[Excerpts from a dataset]
BEGIN

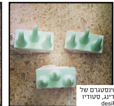
מהאינסטגרם של שני רינג, סטודיו desiRing

13.3 מיליארד שקל - זה הסכום שהוציאו הישראלים על שיפוצים בבית בשנת 2014, כך עולה ממסקר השנתי לבחינת שוק השיפוצים של מרכז הבנייה הישראלי (בשיתוף מכון גיאוקרטוגרפיה). הסכום הזה מקפל בתוכו 275 אלף משקי בית ששיפצו את מקום מגוריהם ומהווה עלייה של שבעה אחוזים לעומת 2013. אם צוללים אל תוך הנתונים מגלים כי עלות שיפוץ ממוצע לבית הסתכמה בכ-48,000 שקל, כולל עלויות החומרים והעבודה. "עם ישראל אוהב להשקיע בבית, ואנחנו רואים זאת שנה אחרי שנה", מסכם ישראל מסטרנק, מנכ"ל מרכז הבנייה הישראלי.
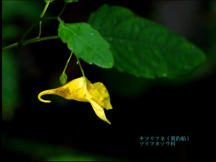
キツリフネ (黄釣船) ツリフネソウ科
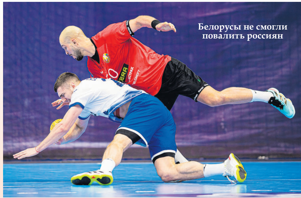
Белорусы не смогли повалить россиян

7.01. Россия-2 — Китай — 32:29 (16:14). ИТОГОВОЕ ПОЛОЖЕНИЕ КОМАНД: 1. Россия — 6 очков (3 игры). 2. Беларусь — 4 (3). 3. Россия-2 — 2 (3). 4. Китай — 0 (3).
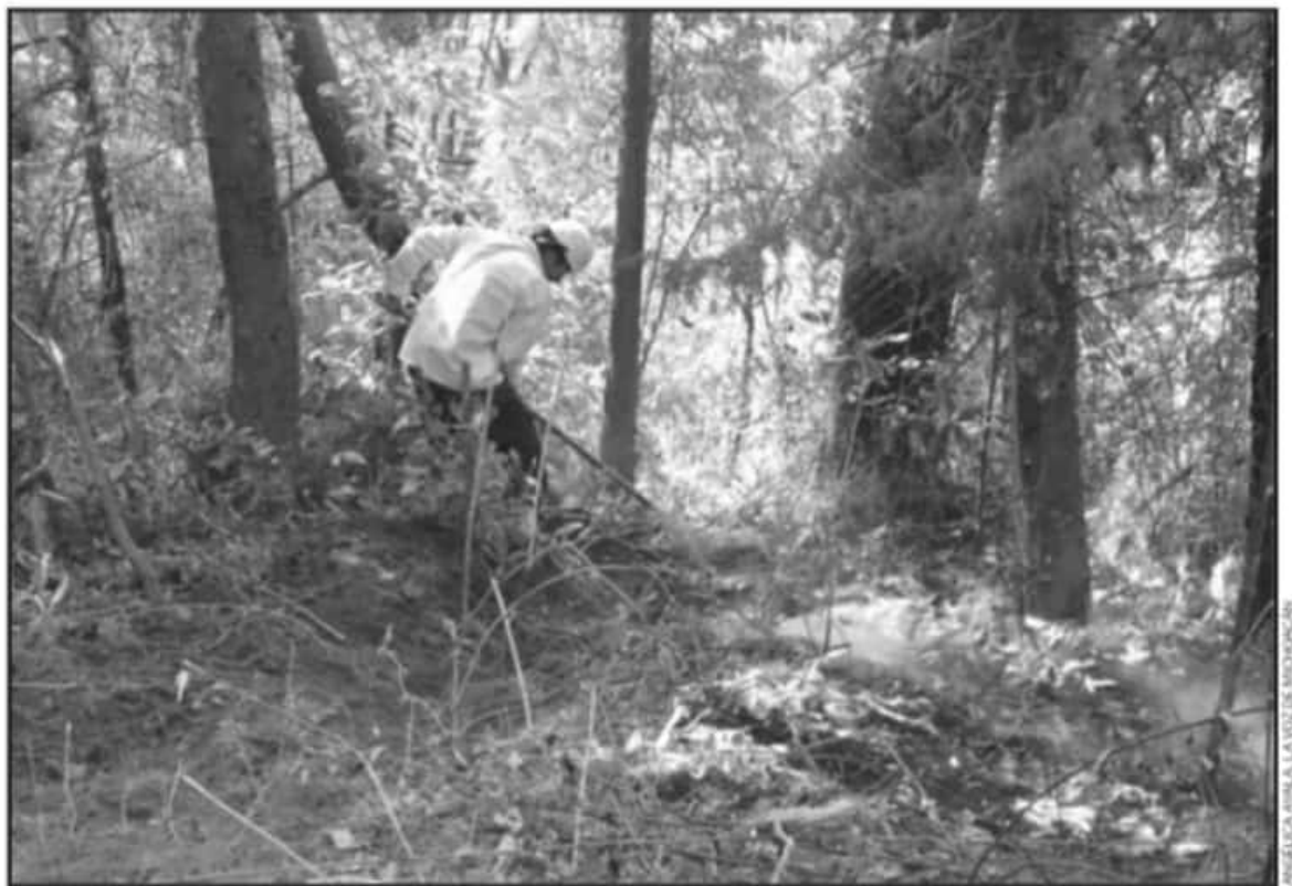
ESTE AÑO SE ESTÁ TRABAJANDO CON CINCO BRIGADAS INTEGRADAS POR 10 ELEMENTOS, TODAS CONVENIDAS CON SUS RESPECTIVOS AYUNTAMIENTOS.

Este año, dijo, se está trabajando con cinco brigadas integradas por 10 elementos, "faltaba iniciar la de Salvador Escalante, por eso estamos aquí, explicando y detallando la información a los brigadistas, en Quiroga la iniciamos desde el 25 de febrero, en Pátzcuaro el primero de marzo Erongaricuaru y Tzintzuntzan", todas son convenidas con los respectivos ayuntamientos.

END

**TASK GOAL**
All entries must be output unchanged, with every picture omitted.

**YOUR SOLUTION**
מהאינסטגרם של שני רינג, סטודיו desiRing

13.3 מיליארד שקל - זה הסכום שהוציאו הישראלים על שיפוצים בבית בשנת 2014, כך עולה ממסקר השנתי לבחינת שוק השיפוצים של מרכז הבנייה הישראלי (בשיתוף מכון גיאוקרטוגרפיה). הסכום הזה מקפל בתוכו 275 אלף משקי בית ששיפצו את מקום מגוריהם ומהווה עלייה של שבעה אחוזים לעומת 2013. אם צוללים אל תוך הנתונים מגלים כי עלות שיפוץ ממוצע לבית הסתכמה בכ-48,000 שקל, כולל עלויות החומרים והעבודה. "עם ישראל אוהב להשקיע בבית, ואנחנו רואים זאת שנה אחרי שנה", מסכם ישראל מסטרנק, מנכ"ל מרכז הבנייה הישראלי.
キツリフネ (黄釣船) ツリフネソウ科
Белорусы не смогли повалить россиян

7.01. Россия-2 — Китай — 32:29 (16:14). ИТОГОВОЕ ПОЛОЖЕНИЕ КОМАНД: 1. Россия — 6 очков (3 игры). 2. Беларусь — 4 (3). 3. Россия-2 — 2 (3). 4. Китай — 0 (3).
ESTE AÑO SE ESTÁ TRABAJANDO CON CINCO BRIGADAS INTEGRADAS POR 10 ELEMENTOS, TODAS CONVENIDAS CON SUS RESPECTIVOS AYUNTAMIENTOS.

Este año, dijo, se está trabajando con cinco brigadas integradas por 10 elementos, "faltaba iniciar la de Salvador Escalante, por eso estamos aquí, explicando y detallando la información a los brigadistas, en Quiroga la iniciamos desde el 25 de febrero, en Pátzcuaro el primero de marzo Erongaricuaru y Tzintzuntzan", todas son convenidas con los respectivos ayuntamientos.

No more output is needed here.